The three schools, which are all headed to the Pac-12 after the 2025-26 school year, are seeking damages for millions of dollars of alleged harm caused by the Mountain West, including the withholding of money earned by Boise State for playing in last year’s College Football Playoff.

“We are disappointed that the Mountain West continues to improperly retaliate against the departing members and their student athletes,” Steve Olson, partner and litigation department co-chair for the O’Melveny law firm, said in a statement. “We will seek all appropriate relief from the court to protect our clients’ rights and interests.”

The Mountain West declined further comment outside of a statement released last week.
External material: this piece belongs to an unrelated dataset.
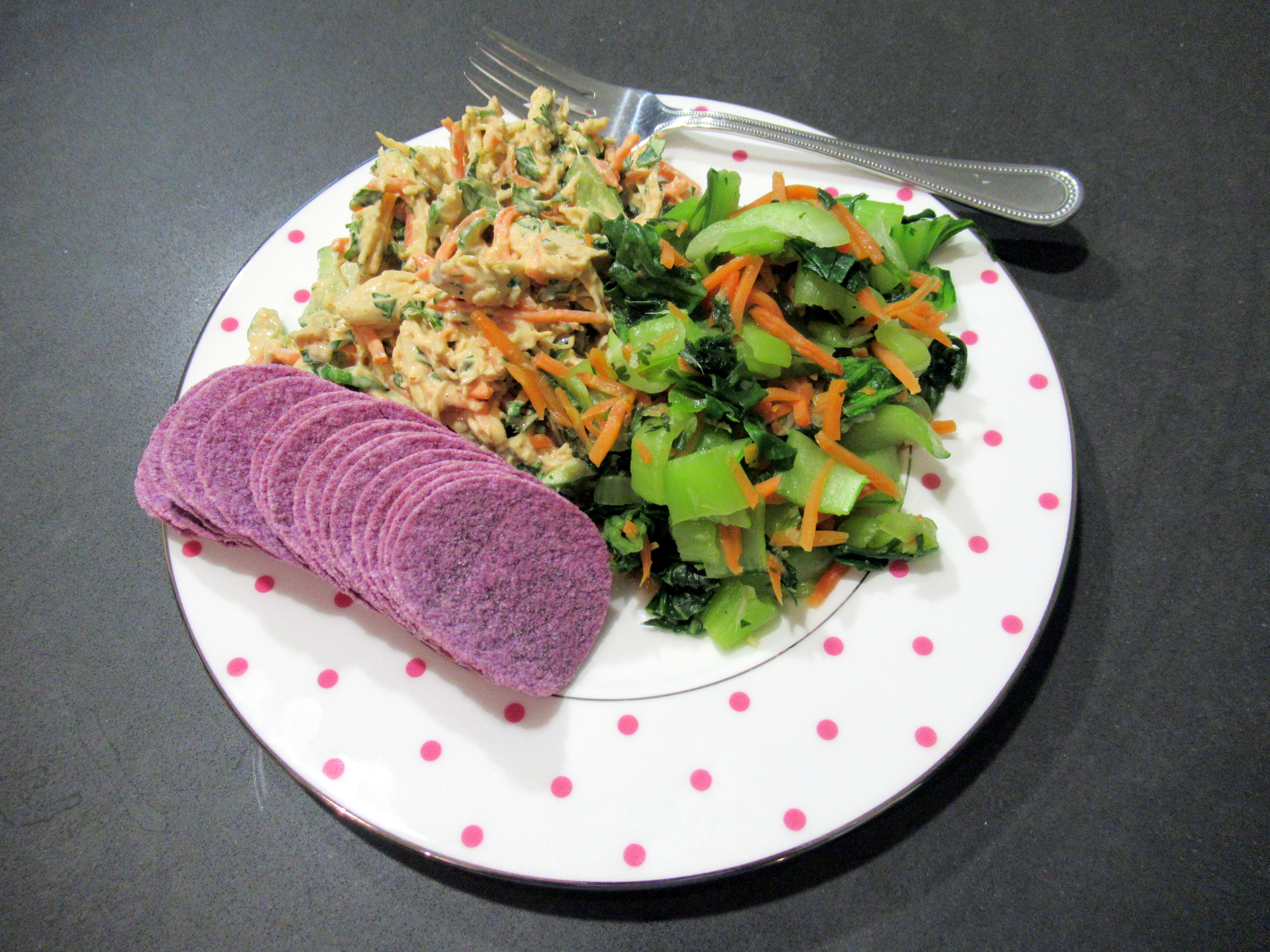 Bahn mi chicken salad with bok choy with ginger and carrot plus taro coconut chips.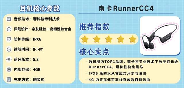 南卡深耕骨传导十余年,将专业技术下放至百元级RunnerCC4,让预算有限的用户也能畅享高品质骨传导体验,堪称性价比黑马。

The conference has said the departing schools were involved in adopting the exit fees and sought to enforce those against San Diego State when it tried to leave the conference two years ago.

“We remain confident in our legal position, which we will vigorously defend,” the statement said.

The three outgoing schools argue the Mountain West’s exit fees, which could range from $19 million to $38 million, are unlawful and not enforceable. The lawsuit also claims the Mountain West concealed a plan to move up Grand Canyon University’s membership a year to 2025-26 without informing the departing schools.

The Mountain West is also seeking $55 million in “poaching fees” from the Pac-12 for the loss of five schools, including San Diego State and Fresno State starting in 2026. The two sides are headed back to court after mediation that expired last month failed to reach a resolution.